I'm reading an awesome photography book. It's called, "Within the Frame: The Journey of Photographic Vision" by David duChemin. I'm not even done with it and I want to read it again. I want to mark it all over with highlighter and stuff it full of bookmarks. It's made me cry with it's inspiration and sometime it's ability to kindly point out how much I've merely been "babbling passionately" (his words) rather than telling a story.
But, there's hope for me yet. And that hope is these photos:
|But, now I think I should have entered this one. Oh well.|
I took these photos last week. The wigwam was made by the boys, their friend, Ben, and their 'Wilderness Survival' instructor, Ryan. They chopped dead branches, collected bark pieces from fallen trees, made rope from a plant called dog bane (and used some twine) to create it. They were so excited to have it finished and to finally climb in.
I had a look-see, too, and it was quite nice in there. It was cool and smelled of the pine branches they used. Here's my view from inside... Nico looking so proud:
So, let me back up a bit.
In his book, duChemin suggests that to discover your photographic vision, you must narrow down what you love about photography. I am definitely all about people. I know that much. This photography journey of mine started, after all, in an effort to document my children's lives. My interest has widened, in both the direction of other people and into trying out landscapes and even artistic creations, but my heart is definitely with people.

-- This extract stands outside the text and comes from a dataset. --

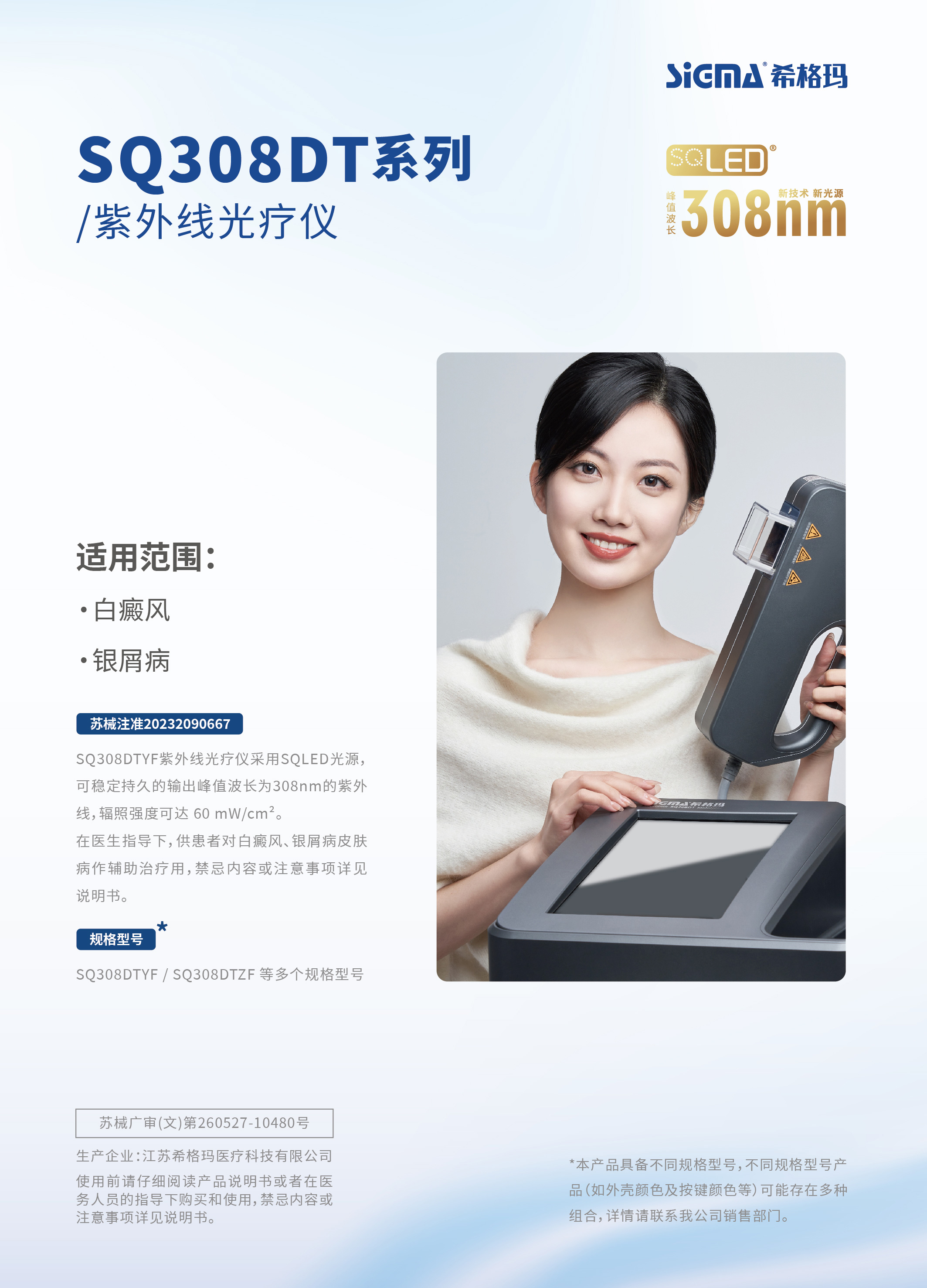 首页 > 产品中心 > 家用 > 308nmSQLED系列 > SQ308DT紫外线光疗仪

So, when I was tasked with this week's theme of nature, I had a million ideas, as I'm sure every participate did. A stand of trees with the sun breaking through, a bird, a flower...lots of flowers, bugs, dogs, sunsets... someone stop me....

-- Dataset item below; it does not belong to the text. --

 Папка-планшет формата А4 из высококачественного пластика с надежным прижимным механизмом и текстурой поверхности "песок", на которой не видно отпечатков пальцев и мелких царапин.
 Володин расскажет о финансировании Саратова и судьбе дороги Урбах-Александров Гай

It's such a sweeping topic, with not a bad option in the mix, especially with spring burgeoning, but how to I make it interesting? and how do I make it mine? As I was walking around the conservancy today for the boys' Wilderness Survival class, camera in hand, I asked myself, what is it I see in this place that makes it so wonderful? Because it is wonderful. My immediate answer was the feeling that it's wild, yet the hand of man is apparent everywhere. That's what gives it the story that compels me to take the picture.
It was this photo where it really struck me:
I love the way it looks so nestled deep into the woods, (I used my telephoto to create that compressed look, as duChemin also taught me), yet it says, "Somebody's been here and spent time and energy on this."
My initial idea was to use this photo for my 'Nature' shot. But, then I went back to look at some of the pics I took last week, when the wigwam was newly completed and the boys were trying it out. That addition of the boots sticking out and Enzo crawling in made it even more magical to me and tells a bit more of the story that I'm compelled to tell.
So, there's my hope. I took those photos last week (oops, just realized I used a week old photo for this week's challenge), but, it was before I had read the book when I saw and manged to capture that magic. Maybe my vision is there somewhere just waiting for me to name it so it can capture and create photos which speak to me and hopefully others.